As shown in the previous results, there is great improvement in the LAD of all three tree models when the scanner height changes from 1.5 m to 3 m with one scan: a decrease in the AE from 39.4% to 19.4% for Tree1 (a 20.0% improvement in accuracy), 21.3% to 12.8% for Tree2 (an 8.5% improvement), and 71.5% to 43.8% for Tree3 (a 27.7% improvement). Taking Tree1 as an example, many leaves lie between 0° and 5°; however, the estimated proportion of leaves at angles less than 5° is substantially less than the true proportion when the scanner height is 1.5 m (Figure 5a), indicating that horizontal leaves are scanned less often. However, when the scanner height is doubled (Scan II), the overall LAD estimation accuracies are greatly improved, and the estimated proportion of leaves between 0° and 5° increases considerably compared with the result of Scan I. The possible reasons can be explored from the simplified case in Figure 9. Figure 9 shows four leaves, two of which are horizontal but are at different heights, and the other two pieces are slanted.
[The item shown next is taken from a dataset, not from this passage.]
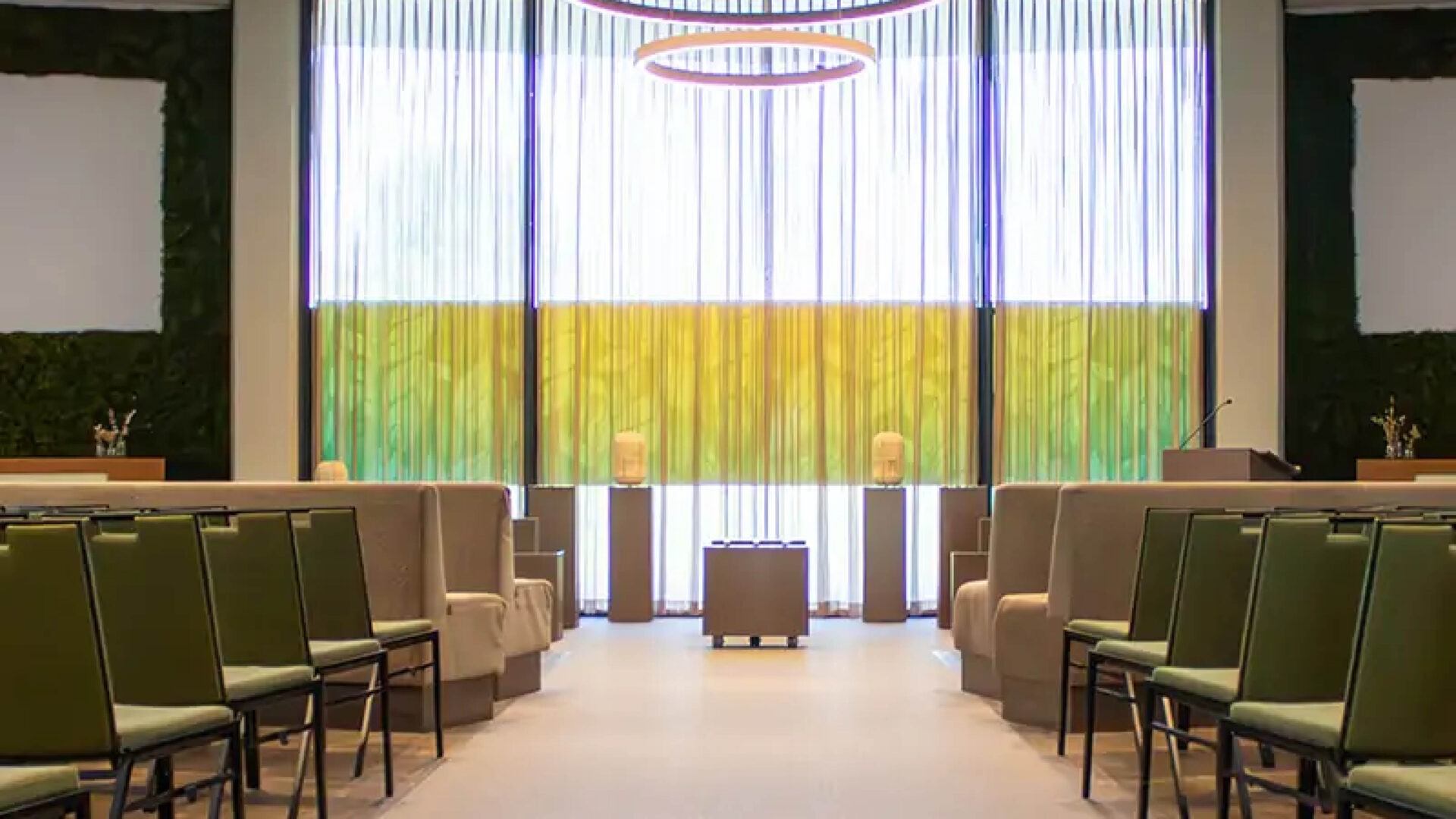 Crematorium Haskerpoort beschikt over een prachtige, ruime Aula die plaats biedt aan 400 personen. De zachte, warme kleuren van de inrichting dragen bij aan een rustgevende atmosfeer.

A simulation was performed to test the effect of the scanning location. Two horizontal circles with a radius of 15 cm are simulated using the DART model. One circle is placed at a height of 1.5 m (leaf①); no point is acquired when scanning from Scan I, and some points are acquired in Scan II (Figure 8b). Similarly, the other circle is placed at a height of 0.5 m (leaf②); more points are acquired with Scan II than with Scan I (Figure 9c) because the angle between the emitted pulses of Scan II and leaf② (β in Figure 9a) is larger than that of Scan I (α in Figure 9a). This indicates that more pulses are incident on leaf② than leaf①. The results of leaf③ and leaf④ are similar to those of leaf① and leaf②, so they are not shown here. We believe that this finding might be a reason for the considerable improvement in the LAD accuracy when the scanner height is increased. The limited sampling capability of TLS at the top of tall trees and the fact that the number of hits is affected by the leaf orientation relative to the view direction of the laser [27] result in some leaves under-represented and some over-represented; increasing the tripod or adding platforms could be a pathway to improvement in such cases.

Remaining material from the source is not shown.